They pretended not to notice the smell, and they had no fear of the police. In spite of Jack’s earlier paranoia, New Holland, just as every town in eastern Pennsylvania had, hours before, sent their law enforcement officers eastward. Jack and Cyn had heard the sirens and had seen the lights while waiting for the sun to drop.
Now, the townships were on their own and unprotected.
No one would care about the fire or about the single upturned grave. They would worry, briefly, about the body of Carl, but with whatever Robert was doing, they wouldn’t worry for long.
Jack carried Carl to the forest bordering the cemetery and arranged his body as nicely as he could: he folded Carl’s hands in his lap, closed his half-cracked eyes, and put a stick under his head so that the huge slit in his throat stayed closed and didn’t yawn open in a manner that was partly grotesque and partly an indictment—Jack hurt in his chest seeing the wound.
When he got back, he barely gave a glance to the bonfire. It was a monstrous thing now and his father had completely disappeared within its orange breast. “So,” he said.
“So,” she replied.
Neither wanted to put forth an idea about what to do next. Other than racing Carl’s old Honda straight west until they hit California, nothing sounded good. What especially sounded like a crap plan was discussing Robert and what they should do about him.

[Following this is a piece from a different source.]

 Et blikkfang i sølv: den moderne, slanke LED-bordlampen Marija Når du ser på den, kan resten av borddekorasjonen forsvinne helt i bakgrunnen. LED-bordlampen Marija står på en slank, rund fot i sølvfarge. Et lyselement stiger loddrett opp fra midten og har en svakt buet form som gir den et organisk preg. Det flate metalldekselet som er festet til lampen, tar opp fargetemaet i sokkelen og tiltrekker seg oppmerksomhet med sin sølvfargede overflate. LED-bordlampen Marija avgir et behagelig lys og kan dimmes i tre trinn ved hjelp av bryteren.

They were silent for a good ten minutes, letting the fire’s crack and snap fill in the blanks of their conversation. But even that had to end.
“So,” Cyn said again.
Jack’s shoulders slumped. He didn’t have the luxury to stand there doing nothing. After blowing air from his puffed cheeks, he said: “I don’t think we can run away. I-I guess we should find somebody in authority and tell them what we know.”
“Which is what?”
That wasn’t a good question. They knew only enough to sound crazy. “We’ll tell them everything we know and everything we guess and, yes, they won’t believe it at first, but maybe after they get a bellyful of the undead, they’ll come around.”

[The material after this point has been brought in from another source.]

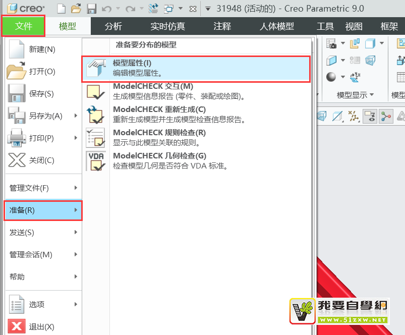 第二步:选择“文件”-“准备”-“模型属性”,如下图所示。

“And what will they do?” Cyn asked. “What can they do?”
Jack shrugged; it was as good an answer as any he could think of.
Chapter 29
Trenton, New Jersey
The roads east into New Jersey were blocked, not by traffic, but by the military, in what was a clear display of wasted manpower. There was only one car heading east and that was the stolen Honda. There were military vehicles on the road. They passed an entire convoy of forty trucks, but they were pulled over, waiting on orders, Jack guessed.
The lanes west and south and north brimmed with vehicles. They overflowed with vehicles; all of them piled high with goods in a most un-American manner. People had beds and dressers strapped to minivans. Televisions and computers and sofas tottered on Tercels. The beds of trucks had the contents of entire apartments roped onto them, making them tip alarmingly whenever they had to slip down an embankment to go around a stalled out car, of which there were many thousands.
Weaving through the traffic were people on foot. All of them were bundled against the cold and all of them carried a backpack or dragged a piece of luggage behind them. Some carried children along with their possessions. It was midnight and they were walking in twenty degree temperatures.
“They are refugees,” Cyn said in shock. It was a chilling sight, one that no American had seen since the Trail of Tears and that was a line of ants in the sand compared to this. Every path, road, and highway was jammed by tens of millions of people all fleeing the greater New York area.
Cyn reached out a tentative hand and flicked on the radio. Earlier there had been what seemed like the same blathering DJ on every channel trying to sound both important and informed as they kept repeating Details are sketchy at the moment and No terrorist group has claimed responsibility for the attacks as of yet and We urge everyone to stay inside and remain calm.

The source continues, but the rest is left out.